▶ **Data items**:
= = = =

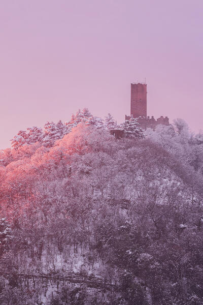 Sunset on Baradello tower (Castel Baradello) after the snowfall, Como city, lake Como, Lombardy, Italy, Europe
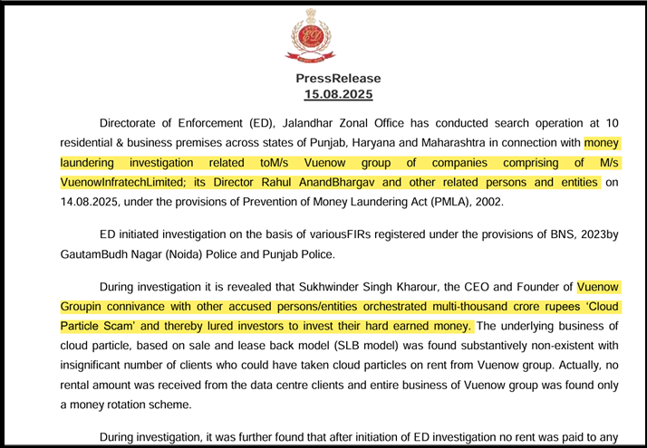 In 2023–2024, the ED began investigating Vuenow. ED claims the company collected over ₹2,000–3,000 crore from investors.
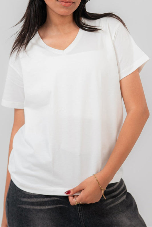 White Oversize V-Neck T-shirt
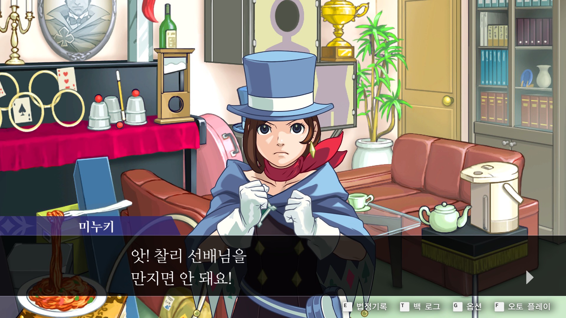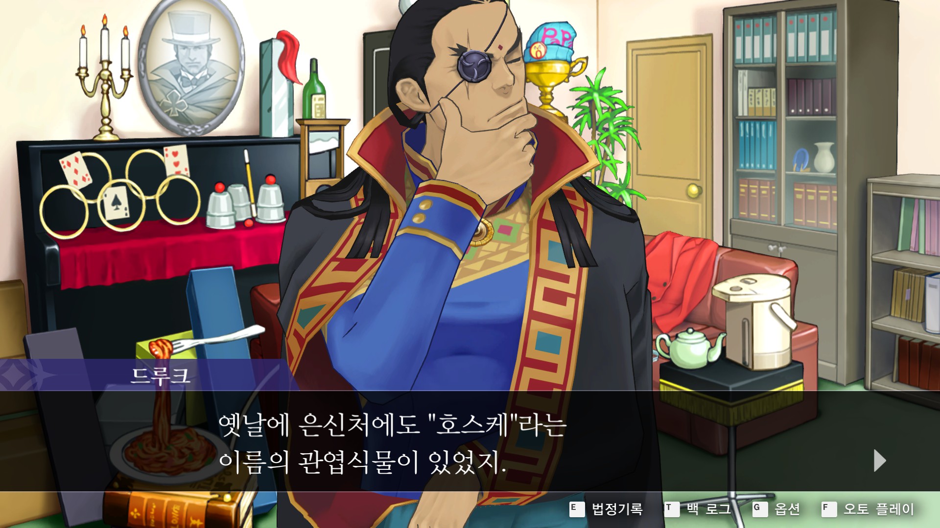 8. 역전재판6 > 특별편 > 탐정 1일차 시작 챕터로 이동해 관엽식물을 조사합니다.
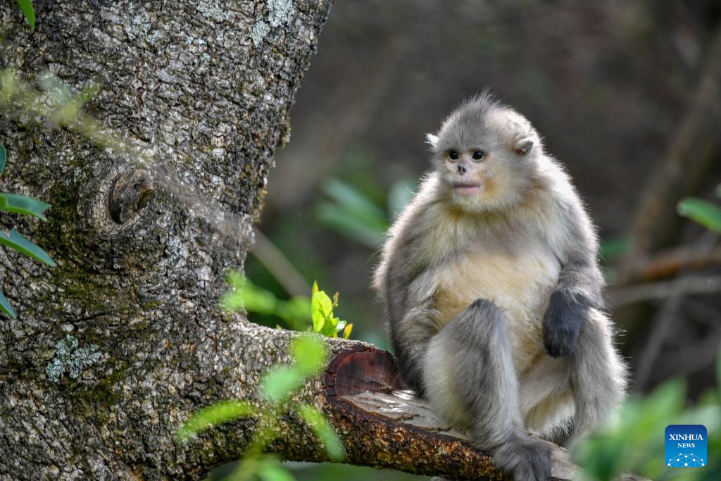 DEQEN, 17 junio, 2025 (Xinhua) -- Imagen del 15 de junio de 2025 un mono de nariz chata blanco y negro en la Reserva Natural Nacional de la Montaña Nevada de Baima, en la prefectura autónoma tibetana de Deqen, en la provincia de Yunnan, en el suroeste de China. El mono de nariz chata blanco y negro, también conocido como mono de pelo dorado de Yunnan, es un animal protegido nacional de primera clase en China. (Xinhua/Peng Yikai)

= = = =

▶ **The problem**: Would you please copy, exactly and only, the lines from the one with "8. 역전재판6 > 특별편" through the end of the entries above, skipping every picture?

▶ **Output below**:
 8. 역전재판6 > 특별편 > 탐정 1일차 시작 챕터로 이동해 관엽식물을 조사합니다.
 DEQEN, 17 junio, 2025 (Xinhua) -- Imagen del 15 de junio de 2025 un mono de nariz chata blanco y negro en la Reserva Natural Nacional de la Montaña Nevada de Baima, en la prefectura autónoma tibetana de Deqen, en la provincia de Yunnan, en el suroeste de China. El mono de nariz chata blanco y negro, también conocido como mono de pelo dorado de Yunnan, es un animal protegido nacional de primera clase en China. (Xinhua/Peng Yikai)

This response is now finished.